Many gen 2 mods fail to perform as expected (or at all, beyond stationary NPCs that can hold stuff and chit-chat). This is also true of some mannequin mods (which are just paralyzed NPCs, basically, other than those that are upright corpses). Some mods in this category are usable, with issues. The hireling addons A Lord's Men and Staff Agency (one is a fork of the other, though both can be used simultaneously) are in this group. Both of them provide various mercenaries and domestic/utility staff that are fully functional, some that are mostly functional, and some that are just broken (though they do not appear to do anything bad to your game). One that is not really usable in OpenMW (yet) is the complex Constance, Thief Companion, which borders on a gen 3 mod; she exhibits the same combat problems as gen 0.5 companions. Same goes for the fighter companion and domestic staffers provided in Domehome. It just goes to show that companion mods have been built along similar principles but without programmatic sharing of code, such that companions that post-date fixes for various problems often do not integrate those fixes. Gen 2 companions also often have a tendency to inexplicably vanish (mostly after changes to the list of loaded mods, or when left alone for 72+ game hours), though they can be Console-restored. This issue also affects those provided by Friends and Rivals (and presumably any other variant of CM Partners). Staff Agency companions appear to somehow be immune to this problem; studying how their code differs is likely a good idea for anyone intent on creating a "generation 4" of companion mods. [Tester note: In a room full of about a dozen idle, wait-mode companions from numerous mods of differing generations and multiple authors, a mod load change that triggers the "vanishing companions" problem typically results in all of them disappearing except those that are from Staff Agency. However, A Lord's Men was not running during these tests, so it's not clear yet if it also has this "immunity".]

The second problem, of inapplicable dialogue options appearing, happens for unknown exact reasons, but is obviously a general matter of a coding error not limiting an added dialogue option to particular NPCs correctly.
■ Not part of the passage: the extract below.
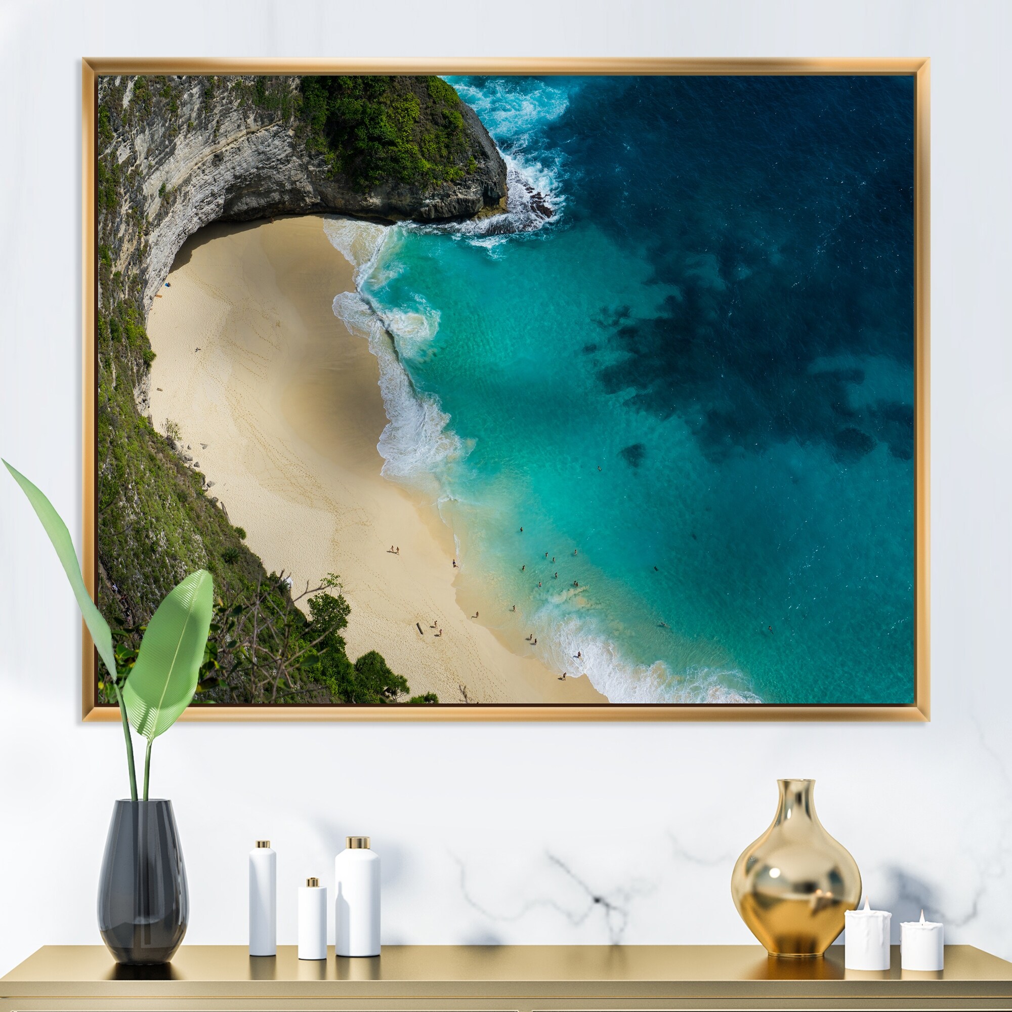 Designart "Aerial View of Idyllic Blue Ocean Beach" Traditional Framed Canvas Wall Art Print

This issue is annoying but harmless in most cases (in the case of abot's Guars it is not harmless, and wrecks the functionality of affected companions).

Use GetStatName commands in the Console to examine your companion's attributes and skills, and SetStatName commands to change one of them. These Console commands drop spaces and hyphens in things like "Long Blade" and "Hand-to-Hand", thus GetLongBlade, SetHandToHand. Some important tips to make any companion practical for the long haul are listed below. For more general (not OpenMW-specific) tips, see also "Companion FAQ" by Emma.

Customize your companions as you like with similar Console adjustment to those described above. Most companions seem to come with either a) high Short Blade and/or Long Blade skill and poor skills with any other weapon type; or b) implausibly excessive skill with all weapon types; or c) no real skills, if they are some kind of trivial hireling like a farmer or maid. If you have a big stockpile of high-end maces and staves you don't use as a player character, and have a Long Blade skill of 75 yourself, try SetBluntWeapon,70 to have a mace/staff/club-wielding companion who can nearly keep up with your combat ability, and set their other weapon skills very low so they avoid equipping other weapon types you might have them temporarily carrying. Better yet, set that skill to more like 50-something and the others to 5, so you are the leader and do most of the serious fighting.

You can also use OpenMW-CS to modify the companion's starting stats, if they are of the sort that grow in power with you. Just be aware that some of their stat-changing scripts can be complicated, and some are not affected at all by the initial starting values (which may be set only so they have some stats as an NPC if you attack them upon first meeting).